When Libreria Barco de Papel first opened its doors in Queens in 2003, as a Spanish-language bookstore selling mostly children’s literature, it had plenty of adult peers across the East River: grand old Midtown institutions like Lectorum and Macondo, plus uptown upstarts like Calliope and Continental. “We’re the heirs to these great places which had been in the market for 40 or 50 years, but their business model got old quick,” says Ramon Caraballo, the bookstore’s Cuban-born owner. “Back then, it was ‘when I grow up, I want to be like Lectorum’. Now it’s, ‘when I grow up, I want to be like Amazon.’”
As many of its peers folded up shop, Barco de Papel grew up into the sort of place you can scoop up slim editions from creacionista poets or thick volumes of essays by Spanish philosopher José Ortega y Gasset, servicing both residents from the neighborhood -- working-class, immigrant Jackson Heights, which is about 56% Hispanic and 22% Asian, according to the latest census -- as well as intellectuals from the city and guests from Spain and Latin America who come to New York to read and discuss their work. The bookstore also hosts open mics and literary workshops, and the poetry collective Poetas en Nueva York calls Barco de Papel its home. Now, Caraballo is hoping to preserve his little hub of Hispanic literary heritage -- an essential “part of a vida digna” for community members, he says -- by transforming it into a non-profit, and has launched an online campaign to help fund the transformation.
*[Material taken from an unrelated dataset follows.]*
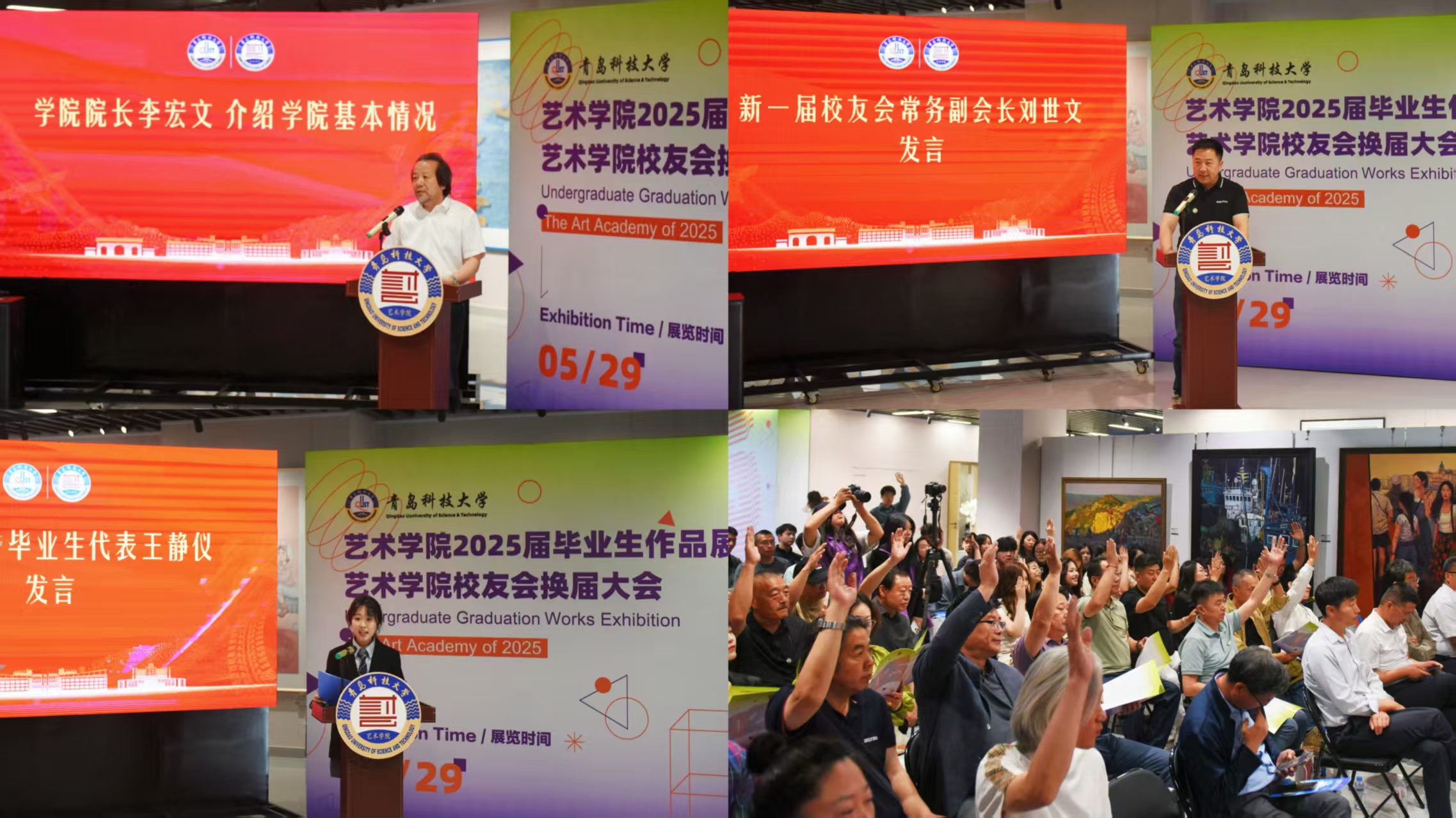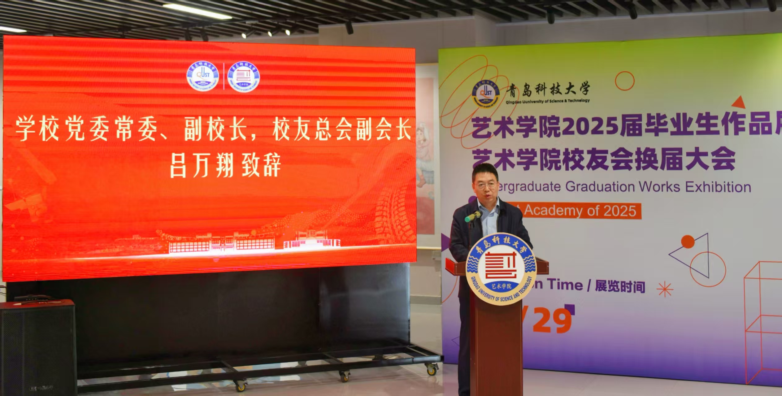 5月29日,艺术学院校友换届大会暨2025届毕业生作品展在青岛市李沧区信联天地蔚央艺展中心举行。学校党委常委、副校长吕万翔,原365英国上市公司官网艺术学院院长邱振亮、王春生教授,学校相关职能部门负责人、学院党政班子成员、各届校友代表、在校师生代表等100余人参加会议。艺术学院院长李宏文主持会议。

Still, Caraballo and other booksellers catering to the Hispanic population, which makes up nearly a quarter of the city, have it comparatively easy. Just five or six blocks down Roosevelt Avenue, a host of other foreign-language bookstores clustered around the intersection of 74th Street, Broadway and Roosevelt Avenue, where five subway lines converge, have appealed to other immigrant communities in Jackson Heights and neighboring Elmhurst. Their numbers have dwindled; during a recent visit to the address listed for Mandarin-language bookstore Go Ba Wu, neighboring shop owners managed to communicate to me that it had closed. Others are just scraping by. Down the block, Urdu-language Mansoor Bookstore, which opened in 1990, started selling dresses four years ago in order to supplement revenues from Pakistani commercial novels and books about Islam. Store employees say over the past ten years, much of the area’s Urdu-speaking Pakistani and Indian population has been leaving the neighborhood. And fewer of their customers are young people. “Most young people have been here [in the United States] a long time and have no need for these books,” the manager told me. “They read English.”
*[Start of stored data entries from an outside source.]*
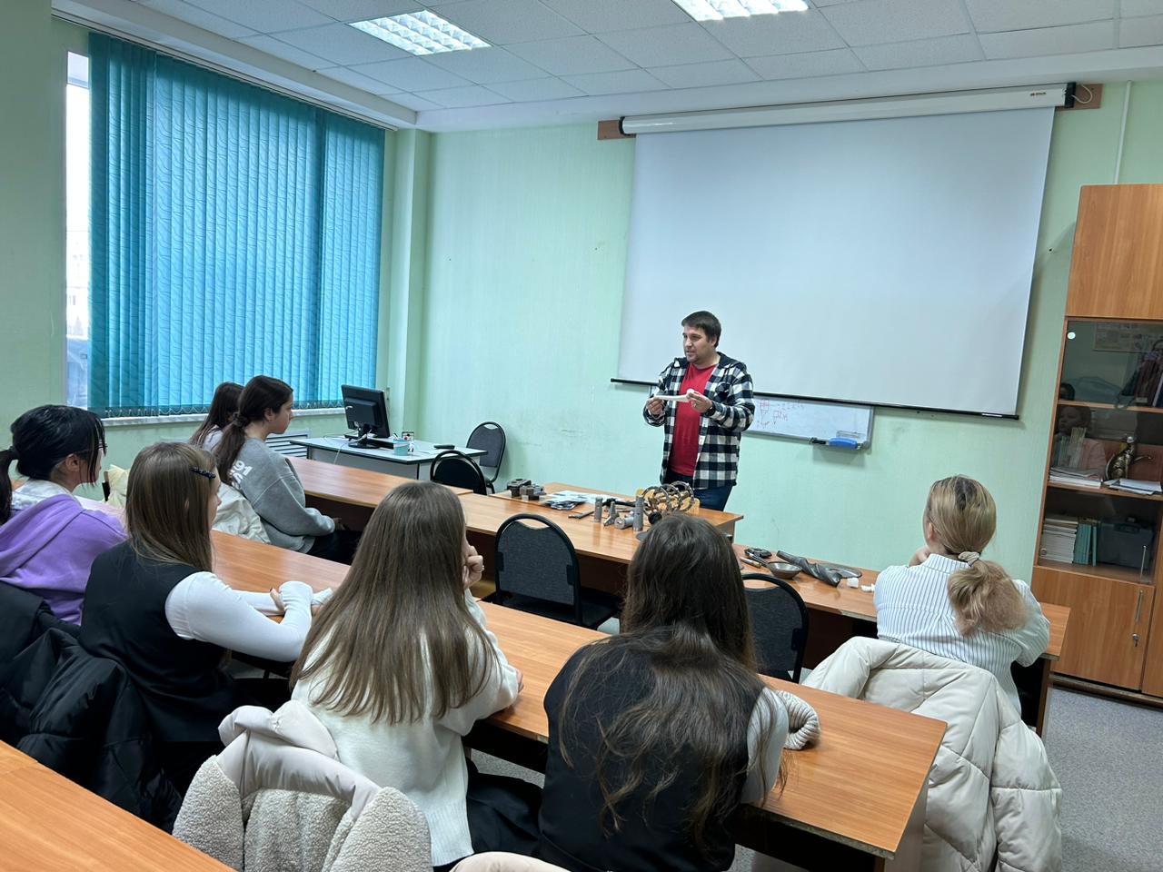 Сотрудники кафедры МБИ профессор Пичхидзе Сергей Яковлевич и старший преподаватель Телегин Сергей Владимирович в рамках профориентационной программы «В гостях у СГТУ» встретились со школьниками МОУ «СОШ № 77». Ученикам представили основные направления обучения в Институте машиностроения, материаловедения и транспорта, рассказали про будущие перспективы трудоустройства. Особый интерес у школьников вызвали продемонстрированные наглядные материалы такие, как внутрикостные имплантаты различного назначения, металлообрабатывающие инструменты, изделия аддитивного производства. Также сотрудники кафедры раскали про процесс обучения и прохождения практик, про лаборатории института, возможности самореализации в области науки, спорта и творчества.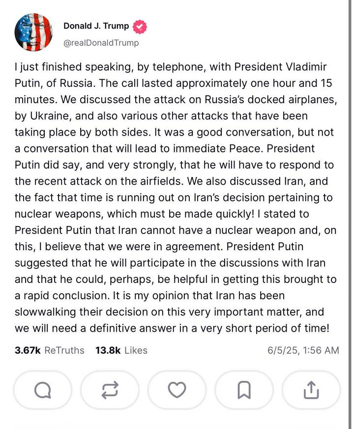 特朗普4日在社交媒體上説,他與普京討論了烏克蘭對俄戰略轟炸機的襲擊,以及俄烏雙方正在展開的“各種相互襲擊”。普京“態度非常堅決地”表示將對俄機場遭襲事件作出回應。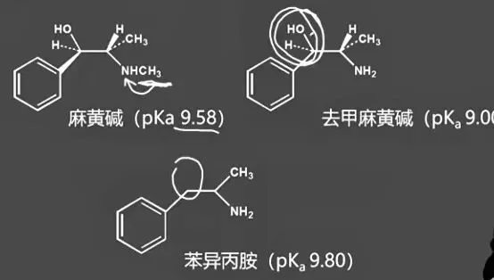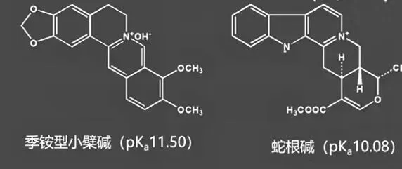 ②实例:小檗碱(季铵) > 麻黄碱(脂肪仲胺) > 毒扁豆碱(芳胺) > 咖啡因(酰胺)。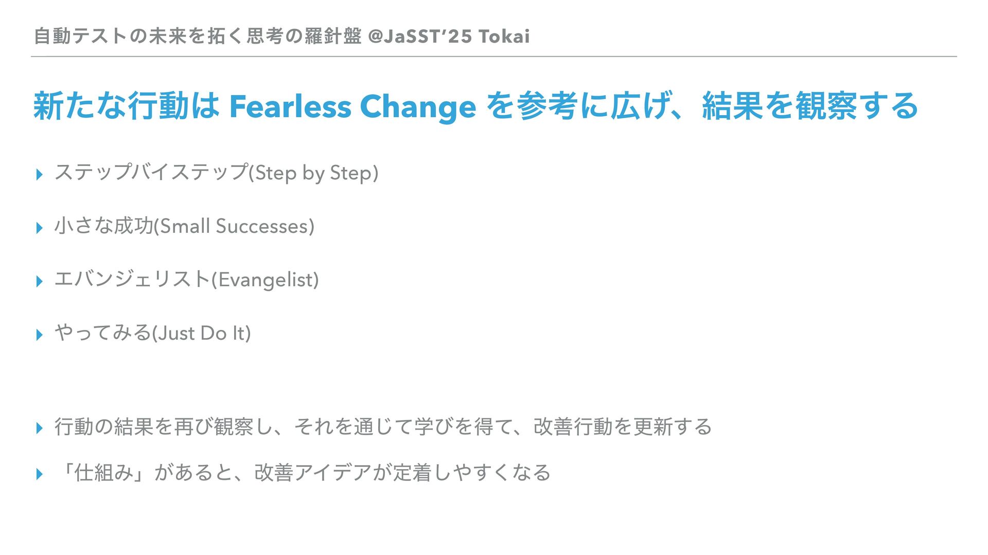 13. ࣗಈςετͷະདྷΛ୓͘ࢥߟͷཏ਑൫ @JaSST’25 Tokai ৽ͨͳߦಈ͸ Fearless Change Λࢀߟʹ޿͛ɺ݁ՌΛ؍࡯͢Δ ▸ εςοϓόΠεςοϓ(Step by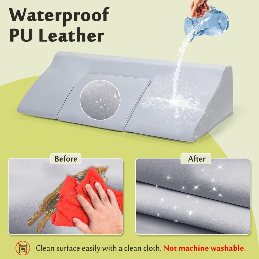 - 【Waterproof PU Leather】Outer stain resistant material allows you to clean easily with a clean towel. Stop worrying about sweat stains or drinks staining the sponge inside, help to keep your pillow clean and sanitary, and reduce nursing stress.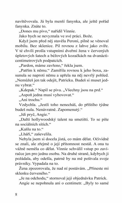 Za patřičný obnos může nechat práce číšnice a hrát roli jeho spolehlivé přízemní přítelkyně. Co však – krucinál – nemůže, je vyhnout se rostoucí vzájemné přitažlivosti. Jenže mít v patách paparazzi a vidět svůj život rozpitvaný na sociálních sítích je nejlepší cesta k panické atace. A i když je Patrick na plátně okouzlující darebák, ve skutečném životě jde o stopětaosmdesáticentimetrového nepochopitelného, nádherného, zádumčivého bručouna, který si od ní udržuje odstup… ale také v ní budí dojem, že tohle pouto mezi nimi možná není jenom hrané.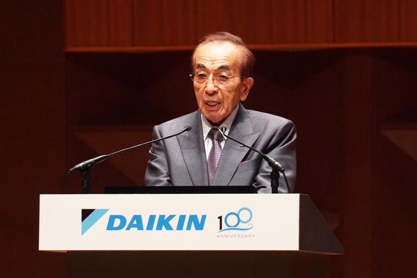 代表取締役社長 兼 CEOの十河政則は「この100年の間、多くの苦難を乗り越えて成長・発展し続けることができた背景には、諸先輩方が築いてきた良き企業文化や競争力の源泉ともいうべき独自の強みがある。この強みを進化させる新たなスタートを切る機会」「ダイキンはこれからも、お客様に喜ばれ、信頼され、そして成長し続ける企業グループとして、環境価値・社会価値をさらに高めて、新たな社会づくりに貢献していく」と今後の成長に向けての決意を述べました。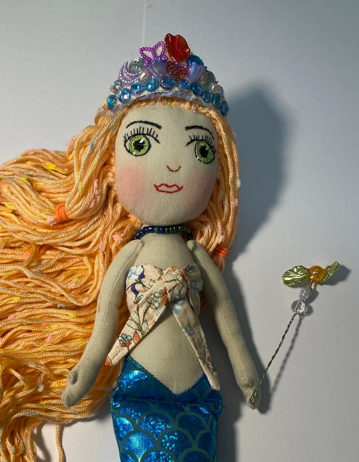 Her wand has a golden pearl to match her hair and she is wearing a bespoke handcrafted crown with pearls and shells and glittering mermaid gems.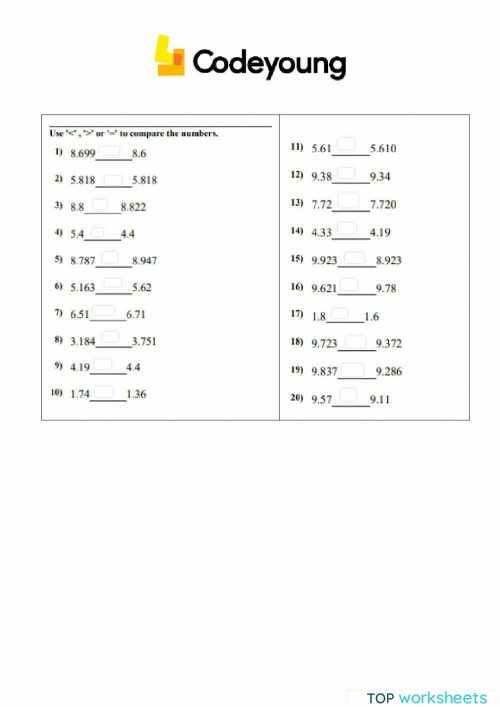 Comparison of Decimals Advanced Interactive worksheet TopWorksheets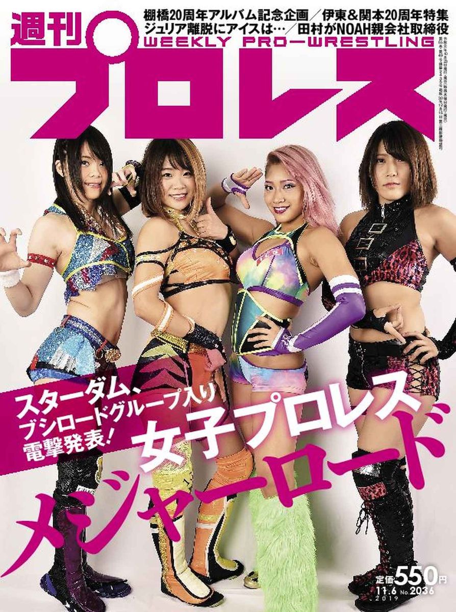 今週号の表紙はブシロードグループ入りが電撃発表されたスターダムから岩谷麻優、星輝ありさ、木村花、林下詩美の4人です。スターダム新体制については巻頭カラーから詳報。会見再録、ロッシー小川社長インタビューほか、新体制発表後最初の試合となった大阪大会もリポート。巻頭言ではあらためて木谷オーナーに話を聞いています。

The Bangladeshi presence in Elmhurst and Jackson Heights, conversely, has been growing over the past two decades, and with it, the promotion of Bangla-language literature and culture. The language is singularly important to Bangladeshi identity -- its movement for independence from Pakistan arose in large part in reaction to a 1948 law making Urdu the sole national language -- and since 1992, the Muktadhara Foundation has coordinated celebrations on Feb. 21st of what UNESCO calls “International Mother Language Day” and Bangladesh celebrates as a national holiday. In front of the UN headquarters, the Foundation builds a replica of the Shaheed Minar monument in Dhaka, which commemorates the pro-independence activists killed by Pakistani police during a Feb. 21, 1952 Bengali Language Movement protest.
The Foundation’s current president, Bishwajit Saha, also runs Muktadhara Bookstore on 74th Street in Jackson Heights, across the street from the subway junction. Its shelves are packed with Bengali movies and music. But 24-year-old employee Shahriar Arif says the books – the memoirs of independence leader Bangabandhu Sheikh Mujibur Rahman, Humayun Ahmed’s novels, Nobel winner Rabindranath Tagor’s poetry – are the biggest sellers.“You can get DVDs and CDs online, but Kindle doesn’t sell books in Bengali,” he grins.